Видно было — Михаил Никифорович сильно захмелел, обильно влажными стали лоб, лицо; его синенькие глаза смотрели не улыбчиво, а искательно, вроде бы сочувствия просили у Константина. Узел галстука нелепо сполз, расстегнутый воротник рубашки обнажил темную хрящеватую шею.
— Какая же это жизнь? — снова заговорил он страдальческим голосом. — Ну, чего это я болтаю, а? Ну, чего болтаю, дурья голова! — залившись тонким смешком и мотая волосами над лбом, крикнул Михаил Никифорович. — Ну, скажи на милость — интерес какой! Язык болтает, голова не соображает, горькая, видать, в темечко шибанула! Никакого тут интереса нет, Константин Владимыч! Совсем жизнь наша неинтересная!..
— Вы рассказывайте, — сказал Константин. — Я слушаю…
— А чего рассказывать! — перебил Михаил Никифорович, качаясь над столом и смеясь. — Не жизнь у нас, нет, Константин Владимыч! Звери мы, что ли? А? Ведь не звери мы!.. Вы мои мысли уважаете? Или непонятное говорю?

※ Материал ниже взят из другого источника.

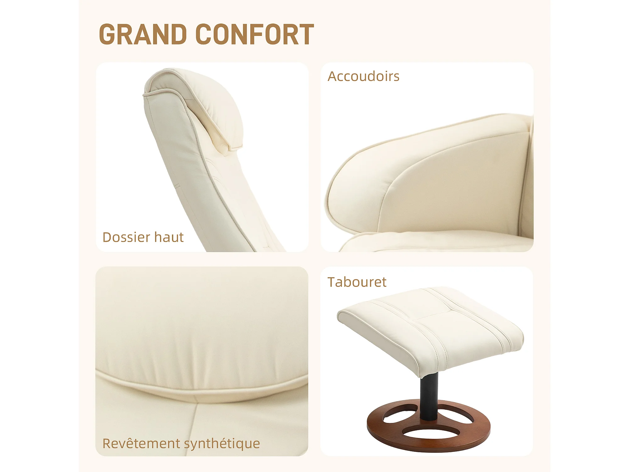 Fauteuil relax inclinable pivotant style contemporain avec repose-pied revêtement synthétique beige

Легши грудью на стол, Михаил Никифорович потянул Константина за рукав, пьяно замутненные глаза его, короткие серые ресницы заморгали, и Константин в эту минуту с ощущением острого комка в горле невольно отдернул руку. И тотчас же взял свою рюмку и выпил двумя глотками водку, проталкивая ею этот комок в горле, спросил:
— А… как Николай Григорьевич? Николай Григорьевич…
— Очень, можно сказать, хорошо.
Михаил Никифорович тоже опрокинул в рот рюмку; вздыхая, пожевал корочку хлеба, затем высморкался в носовой платок, зажимая по очереди ноздри.

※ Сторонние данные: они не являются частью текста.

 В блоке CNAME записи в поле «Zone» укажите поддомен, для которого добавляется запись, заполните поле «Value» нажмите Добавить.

— Люди там, скажу тебе, разные бывают: один — зверем косится, другой — можно сказать, с пониманием. — Тщательно вытер покрасневший носик, затолкал платок в карман. — Когда на даче, то есть, по-вашему сказать, в карцере, сидел, я ему кусок хлеба, а он мне: «Спасибо, вы же от себя отрываете». Как человеку. Мы обхождение понимаем, не звери, Константин Владимыч. Какого заядлого когда и постращаешь, чтобы, значит, не особенно. А кому и скажешь: мол, понимай отношение справедливости жизни: кормят тебя, вражину, поят, одевают — чего же тебе, шляпы на голову не хватает, такой-сякой! А к вашему тестю уважение есть, уважают его: сурьезный, молчит все.
— Как его здоровье? — спросил Константин.
— Очень, можно сказать, хорошее. Два раза в госпитале лечили его, — ответил Михаил Никифорович. — Вернулся — хорошо работал, не отдыхал даже. Об этом, так сказать, сомлеваться нельзя. Месяц назад повел его к пункту, чего-то у него закололо. Фершел, тоже человек сознательный, постукал, говорит: «Ничего здоровье…»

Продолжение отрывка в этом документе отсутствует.